Extracted entries -
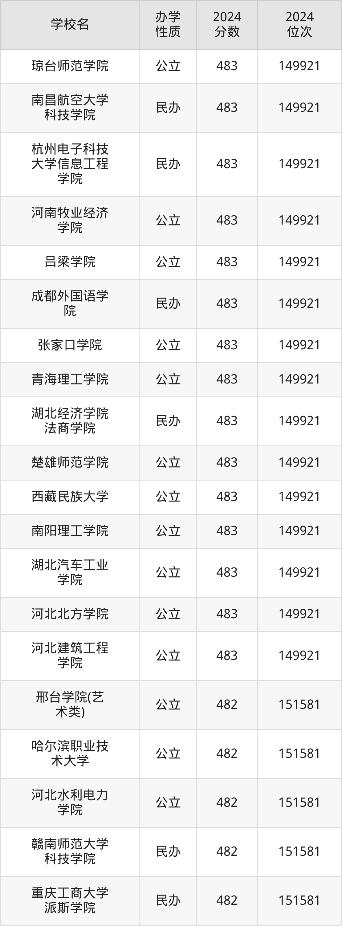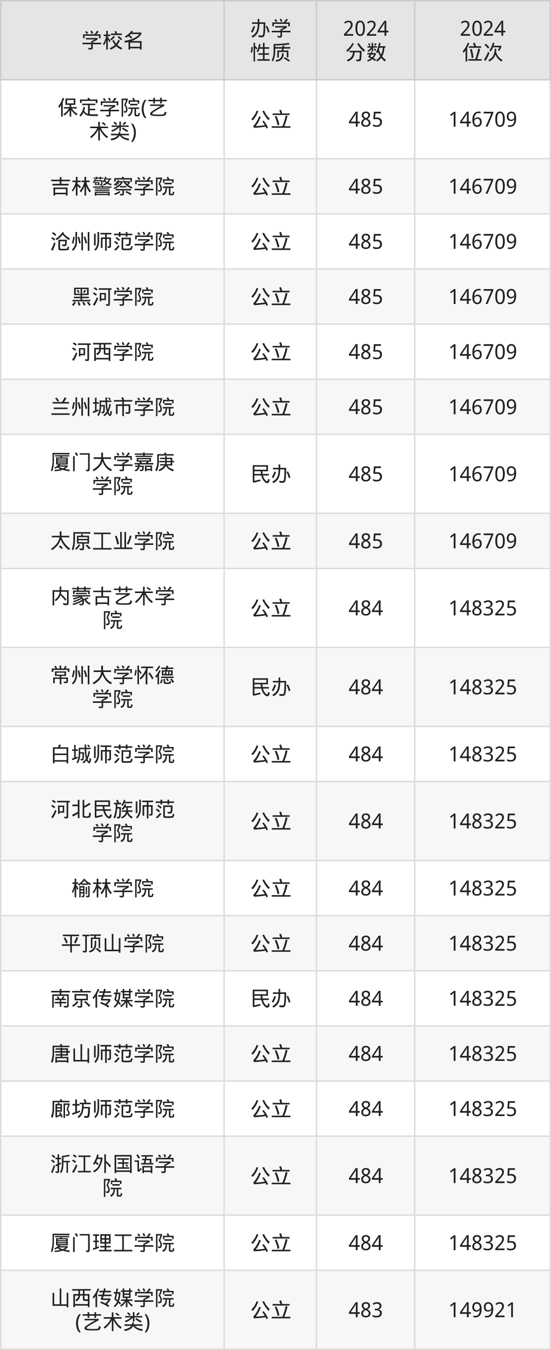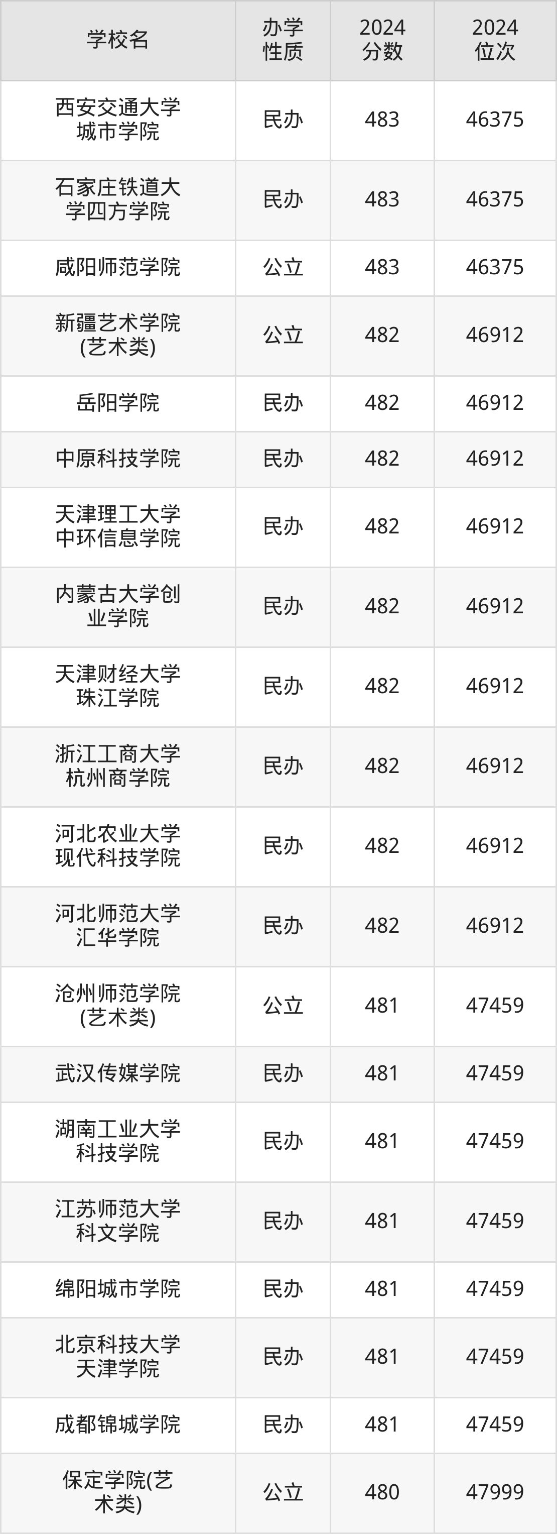 | 沧州师范学院 (艺术类) | 481 | 47459 |
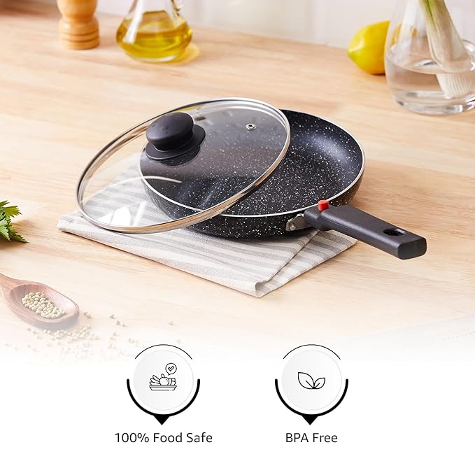- PACKAGE CONTENTS: 22 cm Fry Pan, 1 Glass Lid
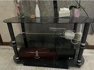 - Три полки из тёмного закалённого стекла.
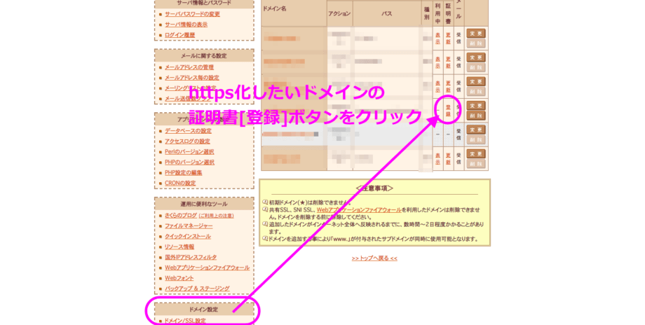 左側のメニューの中で[ドメイン/SSL設定]→https化したいドメインの証明書列の[登録]を押下します。
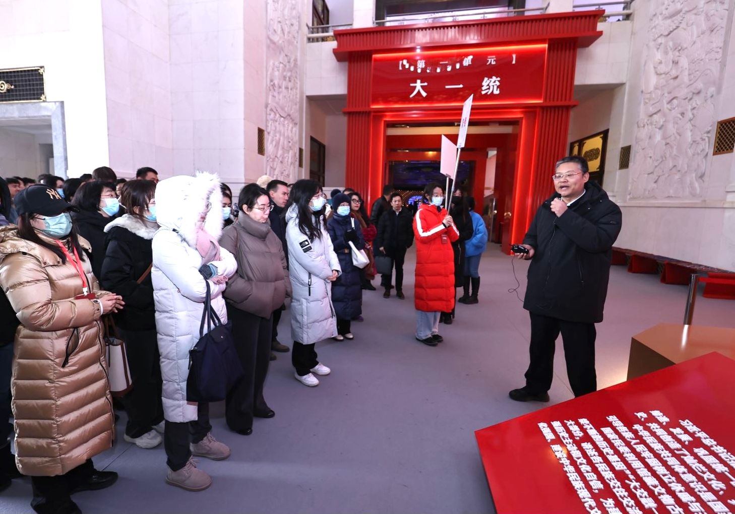 開班式結束后,全體學員赴鑄牢中華民族共同體意識文物古籍展開展參觀學習,民族文化宮黨委書記、主任任毅和文化宮講解團隊在展覽現場進行現場教學輔導,讓學員們從“大一統”“大交融”“大團結”三個展覽板塊,更加直觀、生動地體悟中華文明根脈,深入了解中華民族交往交流交融的歷史,深刻感受新時代黨的民族工作取得的歷史性成就。
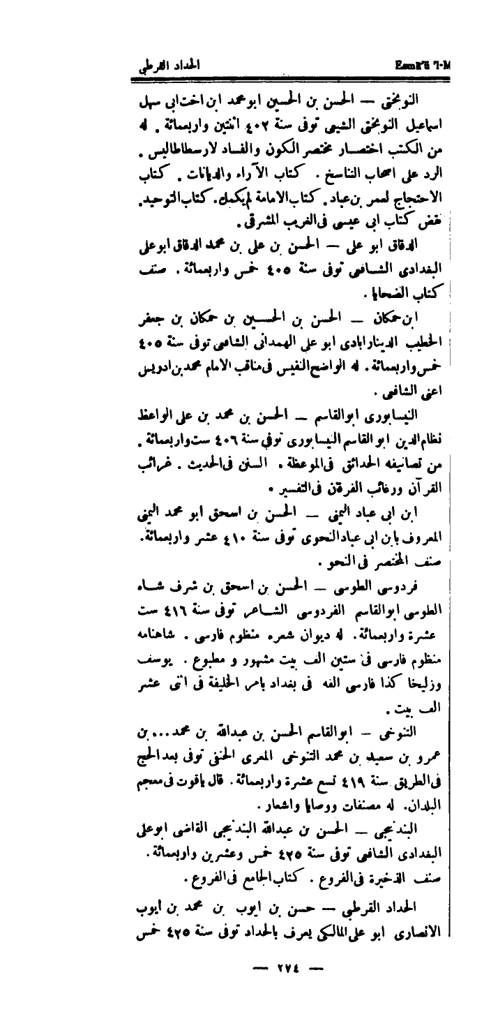 النوبختى - الْحسن بن الْحُسَيْن أَبُو مُحَمَّد ابْن اخت ابى سهل اسماعيل النوبختى الشيعي توفى سنة 402 اثْنَتَيْنِ واربعمائة.
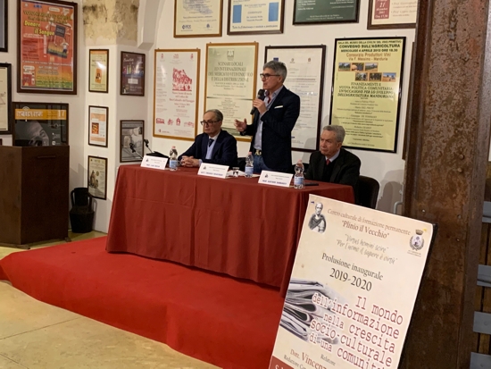 Dopo essersi soffermato sulla figura di Plinio il Vecchio (al quale il centro culturale è stato intitolato), Vincenzo Sparviero ha disquisito sul linguaggio giornalistico e sulla “webbesseria”.
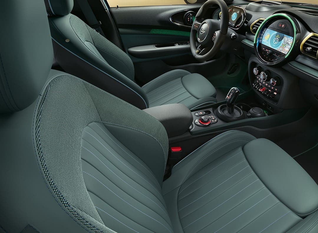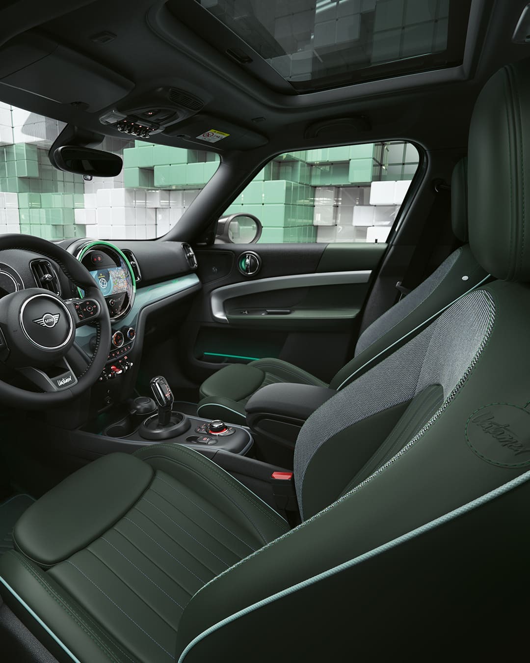 進入座艙空間,沉浸式美學饗宴才正要展開。MINI Untold Edition專屬MINI Yours Lounge真皮內裝採用與車身色調相得益彰的Sage Green搭配藍色對比滾邊與縫線,側邊細膩縫上Untold Edition專屬徽飾,自信彰顯出MINI Untold Edition的無可取代性,舒適乘坐感加上絕美設計,無疑是MINI頂級內裝工藝的最佳體現。
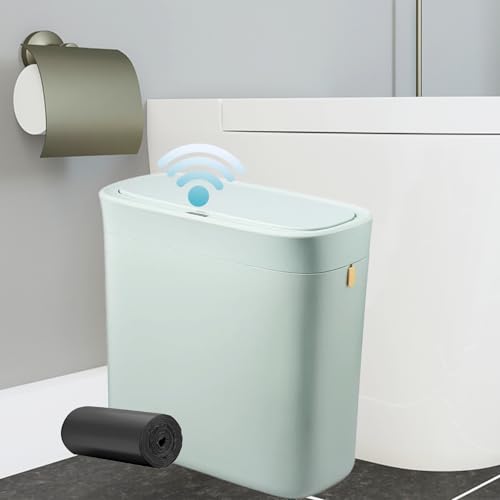 ianomla Automatic Bathroom Bin with Lid, 12L Slim Sensor Garbage Can, 2.6 Gallon Plastic Waterproof Motion Sensor Rubbish Bin with Trash Bags, for Bedroom, Living Room, Narrow Space, Morandi Green
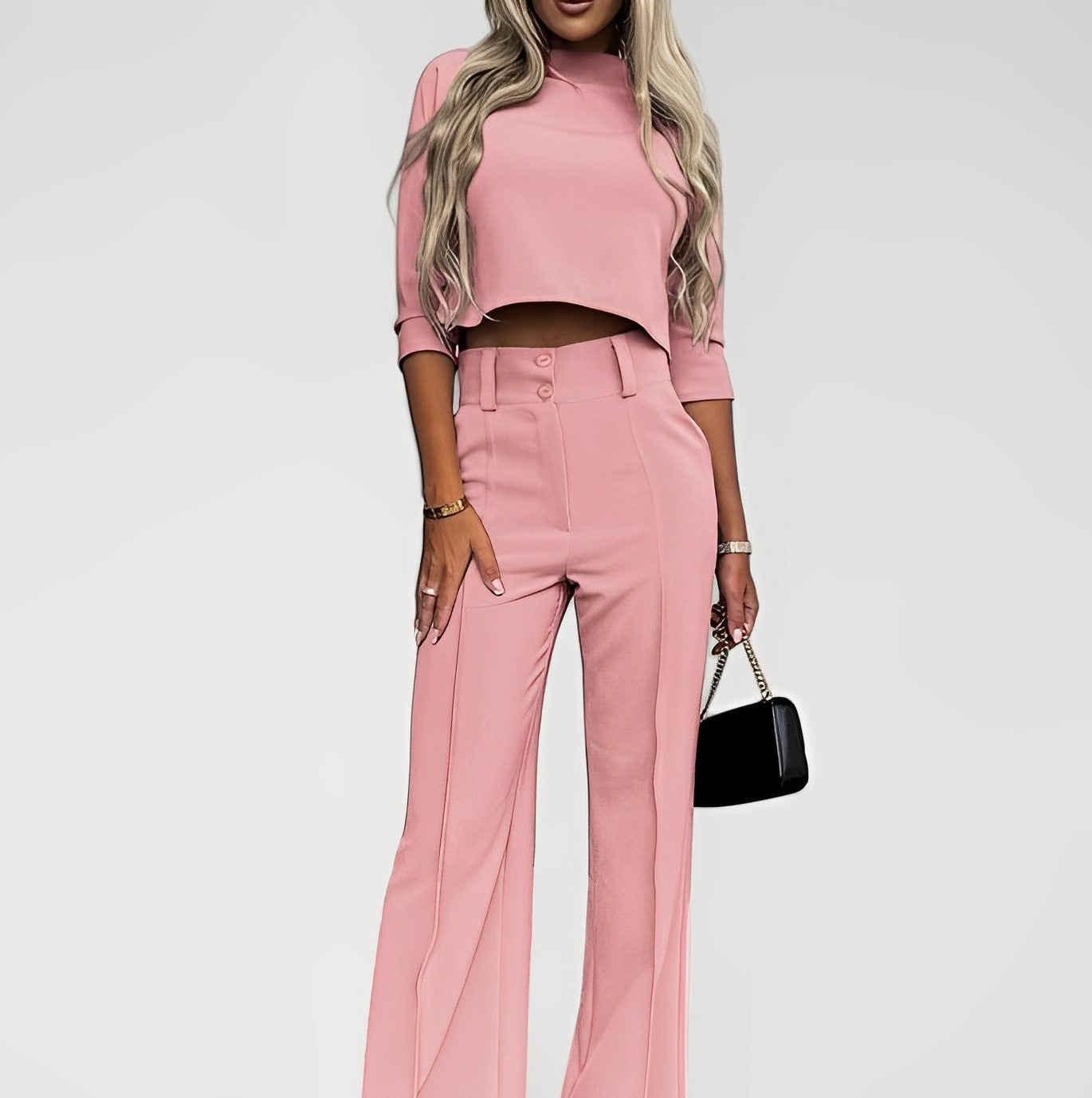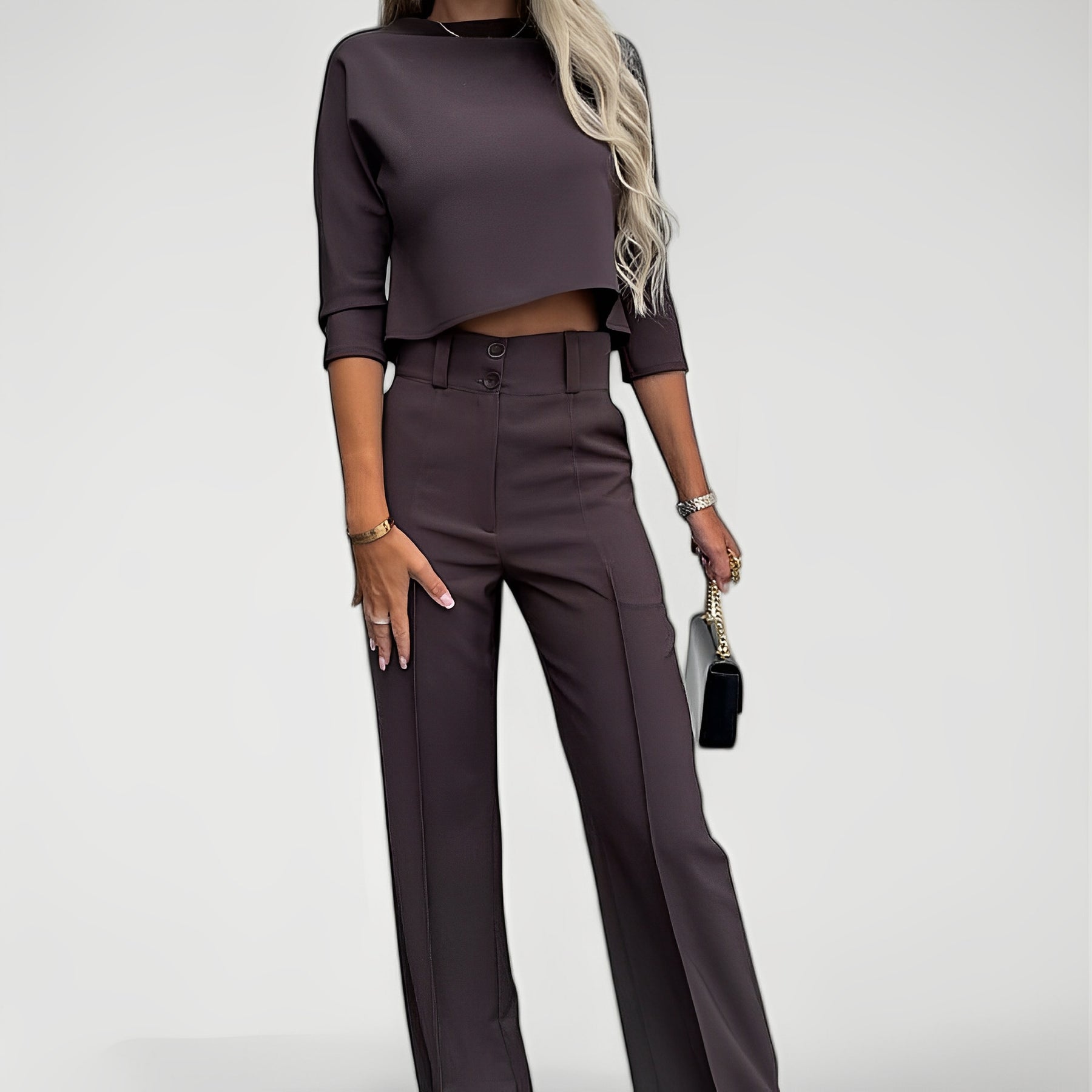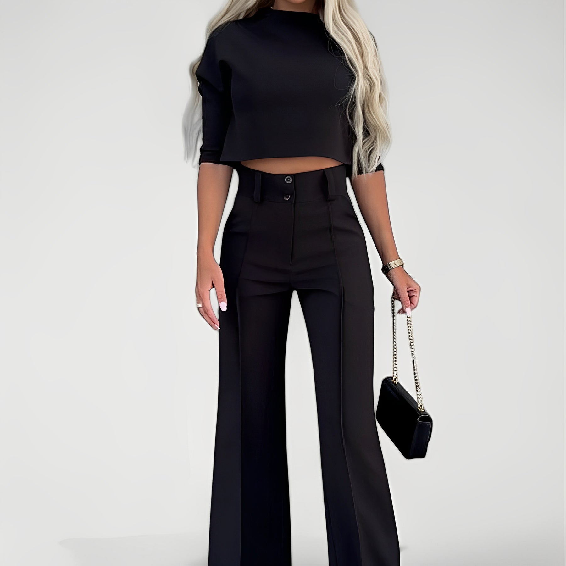 Elegant Women's Two-Piece Suit - Chic Crop Top & Wide-Leg Pants Set

Exercise prompt - If an entry holds an image, omit that image and print the remainder exactly as it stands.

Answer for this exercise -
 | 沧州师范学院 (艺术类) | 481 | 47459 |
- PACKAGE CONTENTS: 22 cm Fry Pan, 1 Glass Lid
 - Три полки из тёмного закалённого стекла.
 左側のメニューの中で[ドメイン/SSL設定]→https化したいドメインの証明書列の[登録]を押下します。
 開班式結束后,全體學員赴鑄牢中華民族共同體意識文物古籍展開展參觀學習,民族文化宮黨委書記、主任任毅和文化宮講解團隊在展覽現場進行現場教學輔導,讓學員們從“大一統”“大交融”“大團結”三個展覽板塊,更加直觀、生動地體悟中華文明根脈,深入了解中華民族交往交流交融的歷史,深刻感受新時代黨的民族工作取得的歷史性成就。
 النوبختى - الْحسن بن الْحُسَيْن أَبُو مُحَمَّد ابْن اخت ابى سهل اسماعيل النوبختى الشيعي توفى سنة 402 اثْنَتَيْنِ واربعمائة.
 Dopo essersi soffermato sulla figura di Plinio il Vecchio (al quale il centro culturale è stato intitolato), Vincenzo Sparviero ha disquisito sul linguaggio giornalistico e sulla “webbesseria”.
 進入座艙空間,沉浸式美學饗宴才正要展開。MINI Untold Edition專屬MINI Yours Lounge真皮內裝採用與車身色調相得益彰的Sage Green搭配藍色對比滾邊與縫線,側邊細膩縫上Untold Edition專屬徽飾,自信彰顯出MINI Untold Edition的無可取代性,舒適乘坐感加上絕美設計,無疑是MINI頂級內裝工藝的最佳體現。
 ianomla Automatic Bathroom Bin with Lid, 12L Slim Sensor Garbage Can, 2.6 Gallon Plastic Waterproof Motion Sensor Rubbish Bin with Trash Bags, for Bedroom, Living Room, Narrow Space, Morandi Green
 Elegant Women's Two-Piece Suit - Chic Crop Top & Wide-Leg Pants Set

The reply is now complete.